Participants were asked to report the effective composition of their household on the previous day. In this study, we assumed that each participant had contact with all household members they reported while completing the survey.
Statistical analyses
Adult participants were grouped according to six age groups: 18–29, 30–39, 40–49, 50–59, 60–69, ≥ 70 years old. For each campaign, participants whose declared number of contacts fell within the top 1% of the distribution were considered to have incorrectly filled out the survey and were removed from the analysis. Amongst the remaining participants we censored daily individual’s contacts at 50 contacts per day in order to match previously published contact surveys [3]. Individuals reporting more than 50 contacts in a day were considered as hyperconnected. Unless declared otherwise, this censoring was applied to all results. For hyperconnected individuals, the distribution of contacts in the different settings other than the household was maintained when censoring. Specifically, for each participant contacts with members of the household were kept as declared, while the remaining contacts (up to a total of 50) were redistributed according to the distribution over the different settings, i.e. respecting the proportion of contacts declared by the participant in the different other settings.
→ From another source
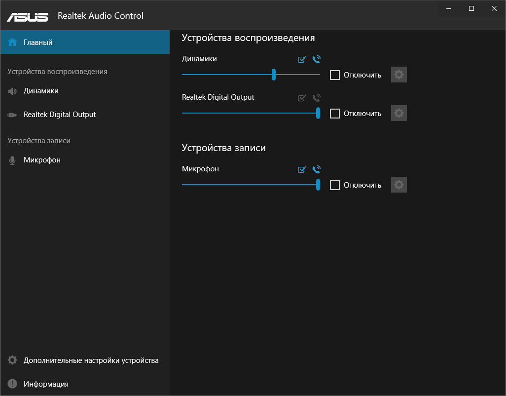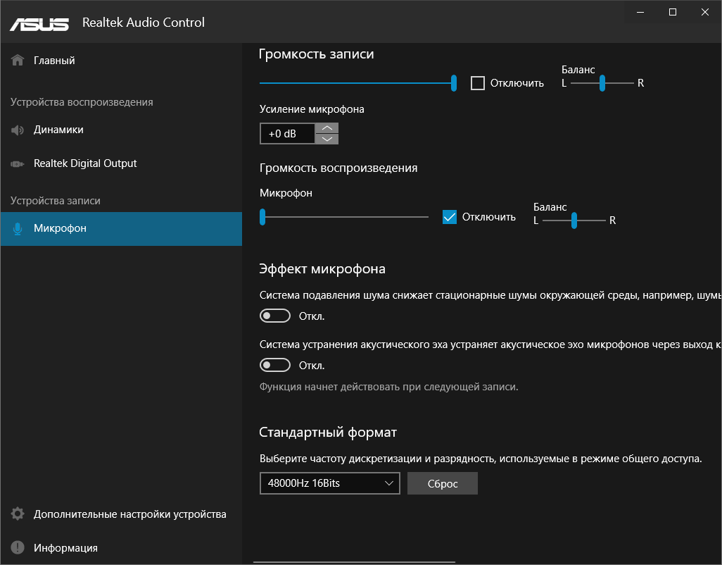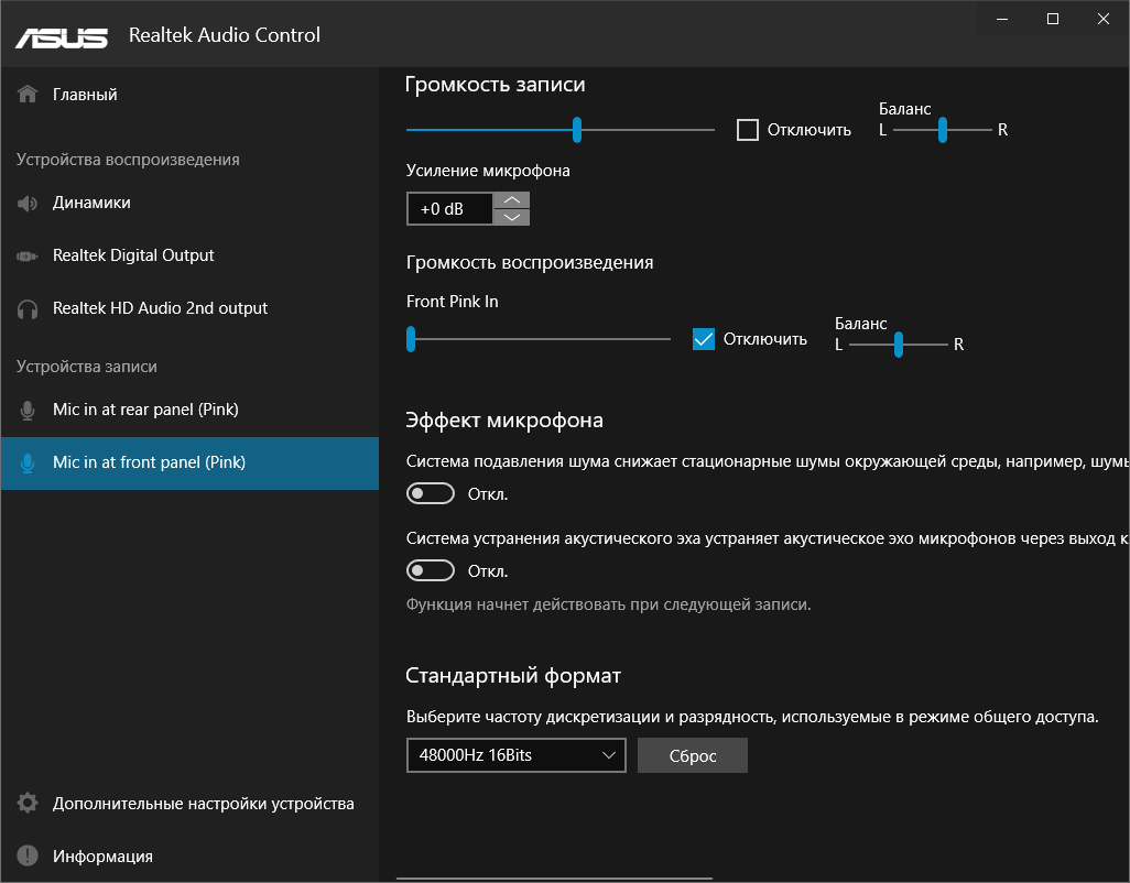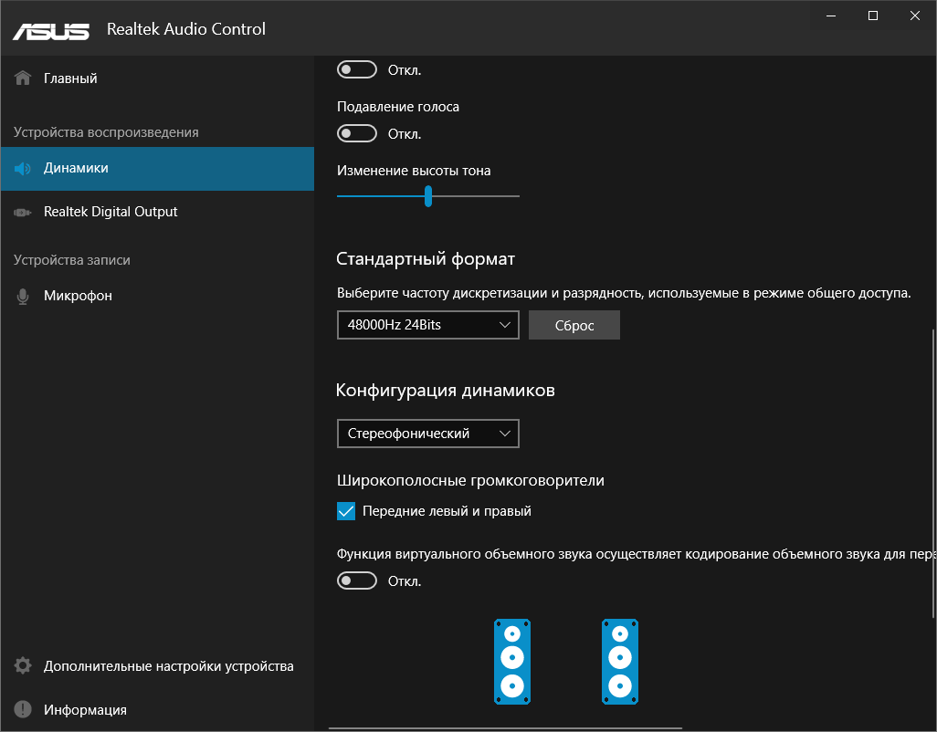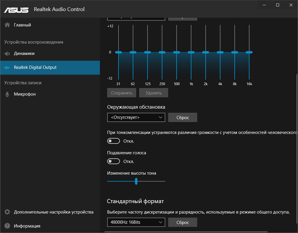 Ввиду использования самого простого кодека и отсутствию бонусных продуктов для работы со звуком, наладка будет проходить исключительно при содействии конфигуратора от Realtek. Он обладает привычным набором функций. Каких-либо чудес в подаче материала ожидать не стоит, звук стартового уровня и этим всё сказано. Используя фирменные схемы, можно пытаться модифицировать поток, подчеркнув акценты на интересующих слушателя вещах. Но оттого глубины у баса не появится, равно как и более чистых ВЧ.

To generate a population representative of the age and gender distribution in France, sampling with replacement was performed from the pool of participants. For each campaign, we used data from the Institut national de la statistique et des études économiques (National Institute for Statistics and Economic Studies - INSEE) [4] to estimate the weights to apply to each gender and age group. Resampling was also performed to adjust the distribution of responses, with 5/7 of the contact survey answers sampled from participants reporting on weekdays and 2/7 from weekends, to ensure a more uniform representation across the week. Resampling was performed 500 times and relevant statistics were obtained, e.g. the mean and 95%CI (Confidence interval) for the mean number of contacts in the French population. When comparing child contacts with adult contacts, we similarly resampled the children population based on the distribution of age reported by INSEE [4].
We defined the two following levels of mask wearing:
-
Low: not wearing a mask when outside home or wearing a mask irregularly.
-
High: wearing a mask all or most of the time.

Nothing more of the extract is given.